Marjorie Evasco’s “Ritual for Leaving”

To speak of the celebrated Tagbilaran/Dumaguete poet Marjorie Evasco is to speak of a life devoted to poetry, to teaching, to the difficult but necessary labor of giving voice to what has long been silenced. Born in the quiet coastal town of Maribojoc, Bohol, Evasco—known to friends as Marj—grew up steeped in the cadences of both English and Binisaya. It is this dual inheritance that would shape her lifelong work of weaving language into both bridge and mirror.

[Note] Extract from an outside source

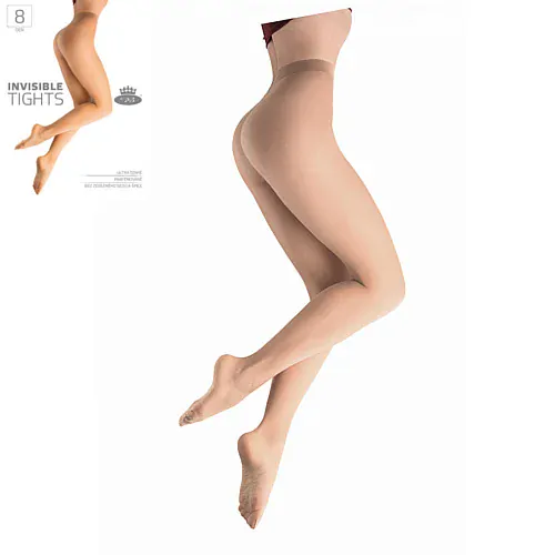 Dámské komfortní punčochové kalhoty LadyB INVISIBLE TIGHTS v síle 8 DEN jsou, jak název napovídá na pokožce "neviditelné". Jemné a průsvitné punčocháče mají podíl pružného elastanu, který se přizpůsobí každé postavě. Špička je neviditelná, bez obav můžete punčocháče nosit i do otevřené obuvi. Neviditelné punčocháče jsou bez zesíleného sedu, zato mají decentní malý bavlněný klín. Komfortní punčocháče jsou jemně parfémované, balené v extra sáčku v obálce.

Her journey began in the classrooms of Catholic schools and later at Divine Word College in Tagbilaran, where she earned her degree in English in 1973. She first worked in the Ministry of Public Information, writing features and eventually becoming editor, before leaving government for the more enduring vocation of literature. At Silliman University, where she earned her MA in creative writing in 1982, she found her footing among peers and mentors. Soon after, she began her long tenure at De La Salle University, rising to professor emeritus, where she trained generations of writers—including her annual stint as regular panelist for the Silliman University National Writers Workshop.

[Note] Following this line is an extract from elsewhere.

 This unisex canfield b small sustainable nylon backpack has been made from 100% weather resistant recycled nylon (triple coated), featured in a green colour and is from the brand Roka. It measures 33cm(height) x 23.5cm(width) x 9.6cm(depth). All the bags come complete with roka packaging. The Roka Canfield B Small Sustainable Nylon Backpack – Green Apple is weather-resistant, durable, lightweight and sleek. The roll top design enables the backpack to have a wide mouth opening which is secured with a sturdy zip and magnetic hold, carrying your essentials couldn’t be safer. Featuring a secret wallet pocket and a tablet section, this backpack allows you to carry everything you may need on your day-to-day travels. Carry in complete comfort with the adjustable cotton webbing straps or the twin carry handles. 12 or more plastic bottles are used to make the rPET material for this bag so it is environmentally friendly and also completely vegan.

Her oeuvre is remarkable in both breadth and depth: Dreamweavers (1987), Ochre Tones (1999), Skin of Water (2009), and Fishes of Light/Peces de Luz: Tanrenga in Two Tongues (2013, with Venezuelan poet Alex Fleites)—all later included in her omnibus collection, It is Time to Come Home: New and Collected Poems (2023). Her work has traveled across languages and continents, finding place in anthologies from Manila to London, from Havana to Singapore. The awards have been many—the National Book Awards, the Palanca, the Free Press, the Balagtas Prize, the S.E.A. Write Award—but these are only emblems of a deeper truth: Evasco has always written with integrity, whether in the lyric hush of a farewell poem or in the luminous dialogues she curated in Six Women Poets.

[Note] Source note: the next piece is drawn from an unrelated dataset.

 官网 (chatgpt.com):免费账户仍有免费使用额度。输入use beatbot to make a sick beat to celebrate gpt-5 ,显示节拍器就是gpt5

She has been, for Philippine letters, both witness and weaver. Also a sometime poet of goodbyes, farewells, and departures—especially in poems like “Despedida,” “Elegy #1,” “Mama’s Death Anniversary,” and “Poet in Exile”—but also of returns or hints of return, such as in “September Fugue” and “Why I Keep Coming Back,” and most especially, “It is Time to Come Home,” the poem that gives her latest collection its title. In these poems, I find Evasco at her most devastating: tender, lyrical, and unsparing.

But my favorite of all is “Ritual for Leaving,” because it is also the most Dumaguete of all her poems—written on the occasion of two poet friends, Grace Monte de Ramos and Juaniyo Arcellana, bidding their farewell to [an unnamed] Dumaguete:

Ritual for Leaving

For Grace and Juaniyo

Go now, and go at noon
When this city shall stand
Intense in the light,
Equal to your silent grief.

There are many ways of taking leave:
Even when we choose to be dumb
Our bodies, hands, feet, senses,
Motion their own speeches as we go numb
Gathering things to pack from room to room
Or weaving the streets and boulevard
After the usual beer at sundown.

It is easier to leave
In the middle of day—
The view from the port, postcard-pretty,
Accented by kitchen smoke
And blooming acacia trees—
An ordinary scene on an October day
Which will probably be the same
When you come back: a strange assurance
Of infinities or that something
We call indestructible.

The poem renders departure as both ache and ordinariness. It opens with stark instruction—“Go now, and go at noon”—invoking light as witness to grief. It acknowledges the many, embodied languages of farewell: the numb hands, the weaving through streets, the rituals of beer and packing. Yet Evasco resists despair. By situating leave-taking against the backdrop of acacia trees, kitchen smoke, and postcard ports, she transforms the pain of separation into an almost consoling rhythm of continuity. The poem, finally, suggests that even in absence, the world endures, offering us the fragile assurance of return.

In the Filipino imagination, farewells are always freighted with distance. We are a people defined by departures—seafarers, migrant workers, lovers bound to leave, friends who slip away into exile. Evasco gives us a vocabulary for this grief that is tender rather than bitter, a language of leavetaking that honors the gift of having loved at all. Her metaphors—birds in flight, water slipping away, dreams that persist—are not decorative but elemental, the very grammar of our diasporic condition.

Perhaps this is why her farewell poems haunt me. They remind me that to live is to leave, over and over again. Every embrace is a prelude to parting. And yet, what remains after reading Evasco is not sorrow but light—the small flame of a candle left in the window, illuminating the memory of presence, the possibility of return. In her poetry, goodbye is not an ending but a tender promise that what has been shared will not vanish.